[ACTION ITEM]
Look in the data below for the line that has "Ehm… Sì, se", then print exactly every line from there through the line that has "Одноэтажный каркасный дом", leaving pictures out.

[RAW DATA]
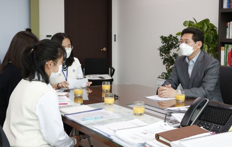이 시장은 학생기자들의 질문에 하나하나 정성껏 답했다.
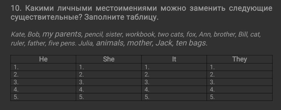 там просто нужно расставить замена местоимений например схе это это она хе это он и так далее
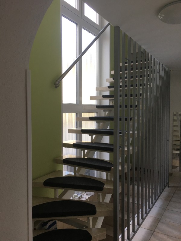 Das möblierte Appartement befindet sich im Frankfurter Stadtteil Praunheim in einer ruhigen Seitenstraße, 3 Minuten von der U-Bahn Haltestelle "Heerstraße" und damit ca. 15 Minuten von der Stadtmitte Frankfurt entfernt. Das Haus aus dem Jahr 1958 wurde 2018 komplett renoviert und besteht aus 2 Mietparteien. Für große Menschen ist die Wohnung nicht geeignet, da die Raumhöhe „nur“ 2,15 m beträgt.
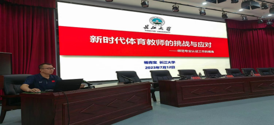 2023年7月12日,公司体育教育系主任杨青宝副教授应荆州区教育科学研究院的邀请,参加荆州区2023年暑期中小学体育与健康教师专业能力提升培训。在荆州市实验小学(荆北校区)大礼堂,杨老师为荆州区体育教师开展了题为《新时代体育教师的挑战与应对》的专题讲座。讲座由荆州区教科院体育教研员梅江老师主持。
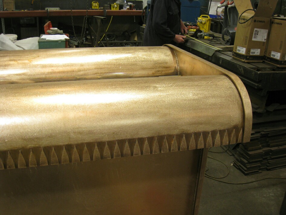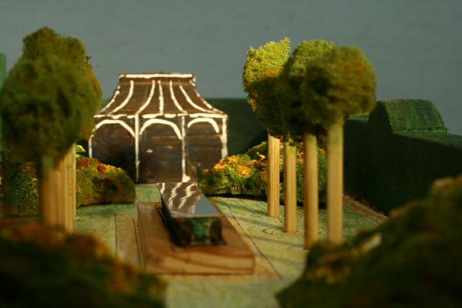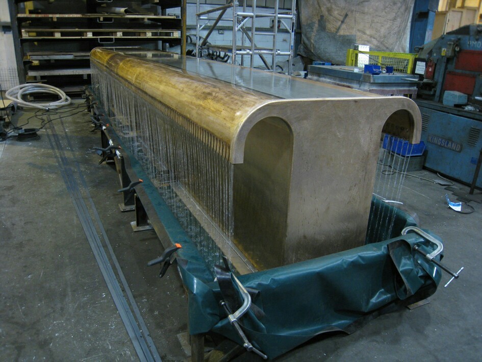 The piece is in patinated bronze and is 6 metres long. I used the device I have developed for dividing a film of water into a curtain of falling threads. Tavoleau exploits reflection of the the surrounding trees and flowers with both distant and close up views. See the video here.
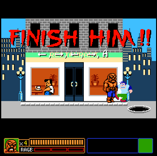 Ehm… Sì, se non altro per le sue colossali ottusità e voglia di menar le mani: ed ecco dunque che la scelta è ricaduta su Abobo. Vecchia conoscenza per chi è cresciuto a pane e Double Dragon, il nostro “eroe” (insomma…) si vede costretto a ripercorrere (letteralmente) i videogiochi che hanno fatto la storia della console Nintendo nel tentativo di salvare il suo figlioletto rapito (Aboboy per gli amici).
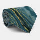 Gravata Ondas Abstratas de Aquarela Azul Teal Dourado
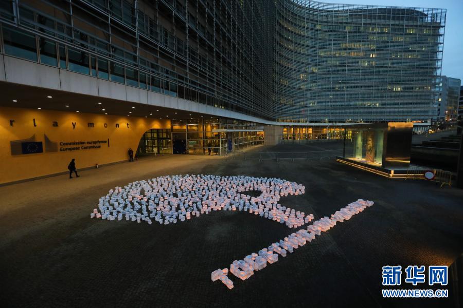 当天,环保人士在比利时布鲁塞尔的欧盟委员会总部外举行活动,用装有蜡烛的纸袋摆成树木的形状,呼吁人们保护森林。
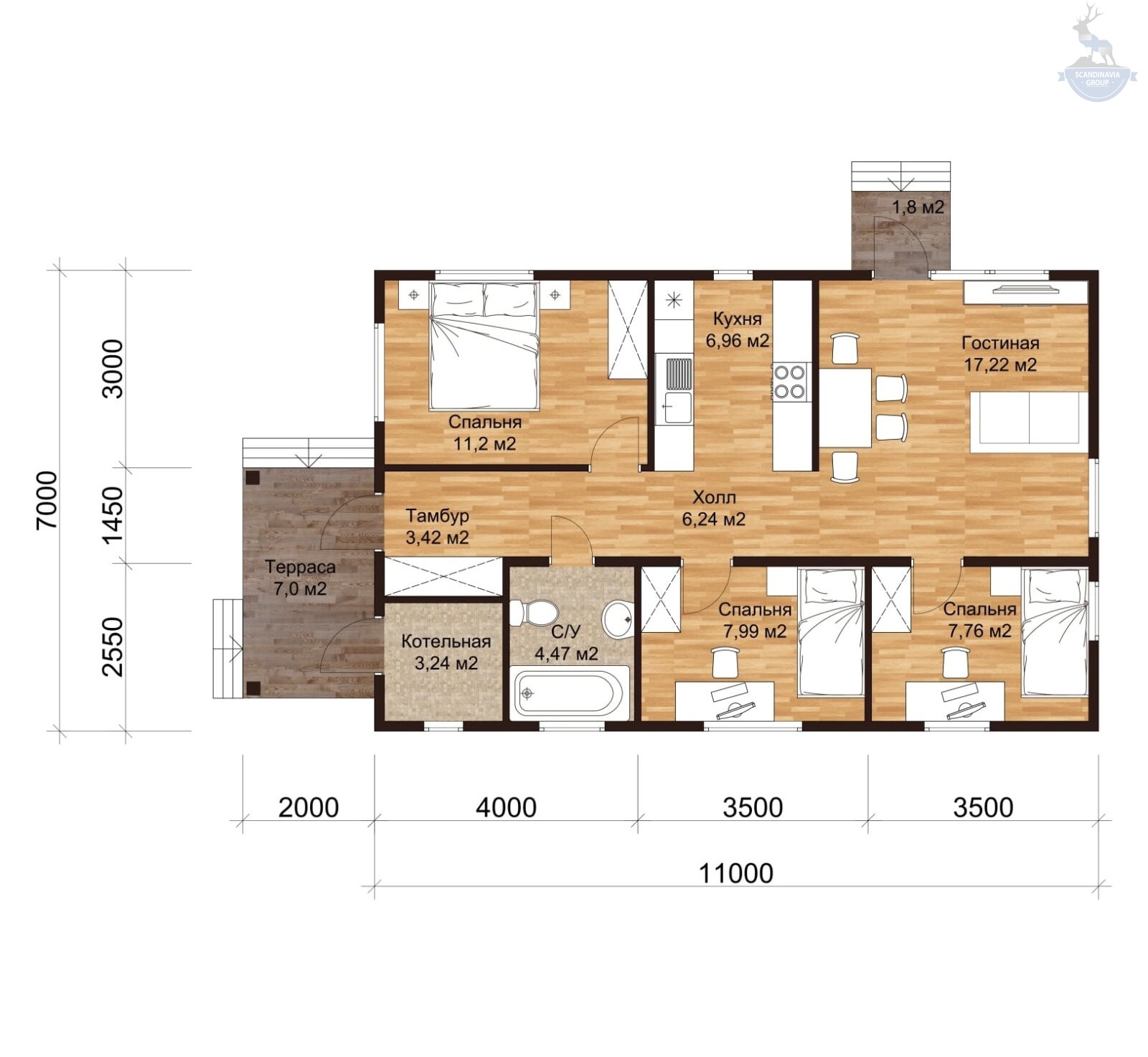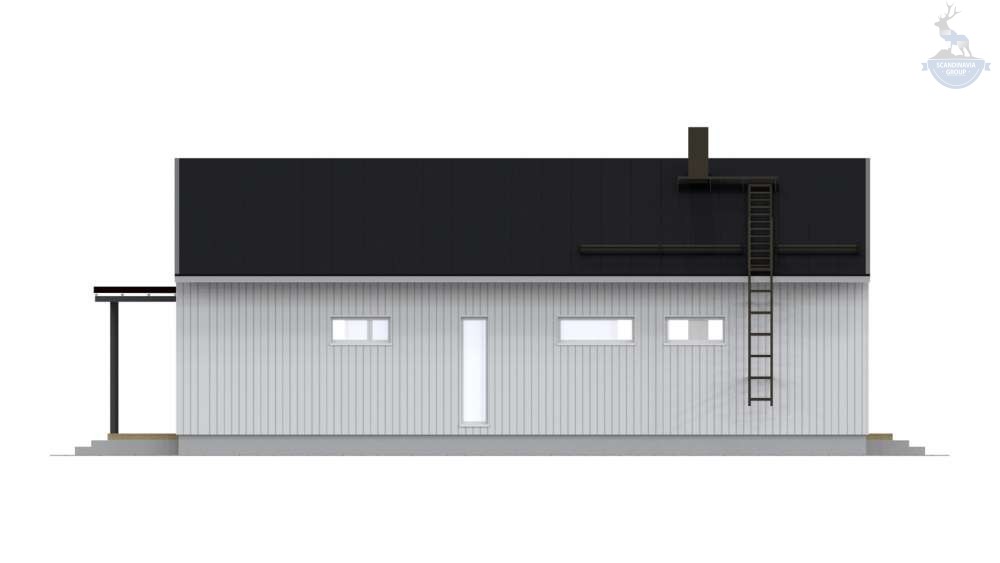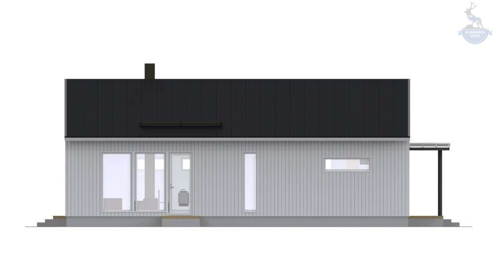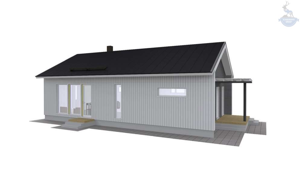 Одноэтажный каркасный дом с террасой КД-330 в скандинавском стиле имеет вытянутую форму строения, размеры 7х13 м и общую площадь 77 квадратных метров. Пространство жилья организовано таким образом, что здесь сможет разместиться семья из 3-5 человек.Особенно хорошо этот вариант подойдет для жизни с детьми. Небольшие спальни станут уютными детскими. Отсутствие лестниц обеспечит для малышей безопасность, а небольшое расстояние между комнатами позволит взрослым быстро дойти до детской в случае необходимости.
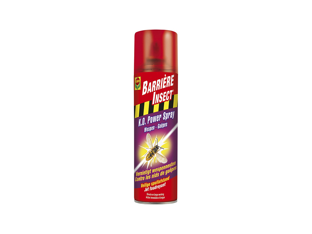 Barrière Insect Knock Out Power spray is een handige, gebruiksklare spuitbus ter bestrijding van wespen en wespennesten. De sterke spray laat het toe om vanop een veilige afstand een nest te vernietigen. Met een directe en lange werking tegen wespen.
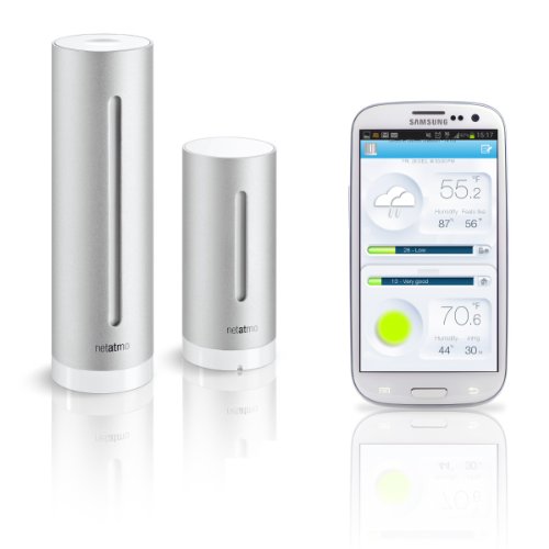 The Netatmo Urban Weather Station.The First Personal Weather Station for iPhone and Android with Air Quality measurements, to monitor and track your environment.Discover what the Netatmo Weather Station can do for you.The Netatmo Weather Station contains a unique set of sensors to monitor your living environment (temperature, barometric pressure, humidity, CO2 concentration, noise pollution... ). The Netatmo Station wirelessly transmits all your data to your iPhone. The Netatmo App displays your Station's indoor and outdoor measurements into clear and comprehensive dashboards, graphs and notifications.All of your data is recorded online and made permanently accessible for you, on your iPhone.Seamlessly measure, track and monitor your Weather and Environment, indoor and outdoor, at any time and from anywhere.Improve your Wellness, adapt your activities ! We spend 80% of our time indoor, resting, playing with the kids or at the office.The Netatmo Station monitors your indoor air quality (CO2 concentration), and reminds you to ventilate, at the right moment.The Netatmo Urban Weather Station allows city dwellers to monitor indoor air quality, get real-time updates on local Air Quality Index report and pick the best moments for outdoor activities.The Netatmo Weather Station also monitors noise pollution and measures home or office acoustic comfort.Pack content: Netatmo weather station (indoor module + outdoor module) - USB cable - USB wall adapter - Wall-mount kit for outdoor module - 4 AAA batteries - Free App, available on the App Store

[OUTPUT FOR THIS TASK]
 Ehm… Sì, se non altro per le sue colossali ottusità e voglia di menar le mani: ed ecco dunque che la scelta è ricaduta su Abobo. Vecchia conoscenza per chi è cresciuto a pane e Double Dragon, il nostro “eroe” (insomma…) si vede costretto a ripercorrere (letteralmente) i videogiochi che hanno fatto la storia della console Nintendo nel tentativo di salvare il suo figlioletto rapito (Aboboy per gli amici).
 Gravata Ondas Abstratas de Aquarela Azul Teal Dourado
 当天,环保人士在比利时布鲁塞尔的欧盟委员会总部外举行活动,用装有蜡烛的纸袋摆成树木的形状,呼吁人们保护森林。
 Одноэтажный каркасный дом с террасой КД-330 в скандинавском стиле имеет вытянутую форму строения, размеры 7х13 м и общую площадь 77 квадратных метров. Пространство жилья организовано таким образом, что здесь сможет разместиться семья из 3-5 человек.Особенно хорошо этот вариант подойдет для жизни с детьми. Небольшие спальни станут уютными детскими. Отсутствие лестниц обеспечит для малышей безопасность, а небольшое расстояние между комнатами позволит взрослым быстро дойти до детской в случае необходимости.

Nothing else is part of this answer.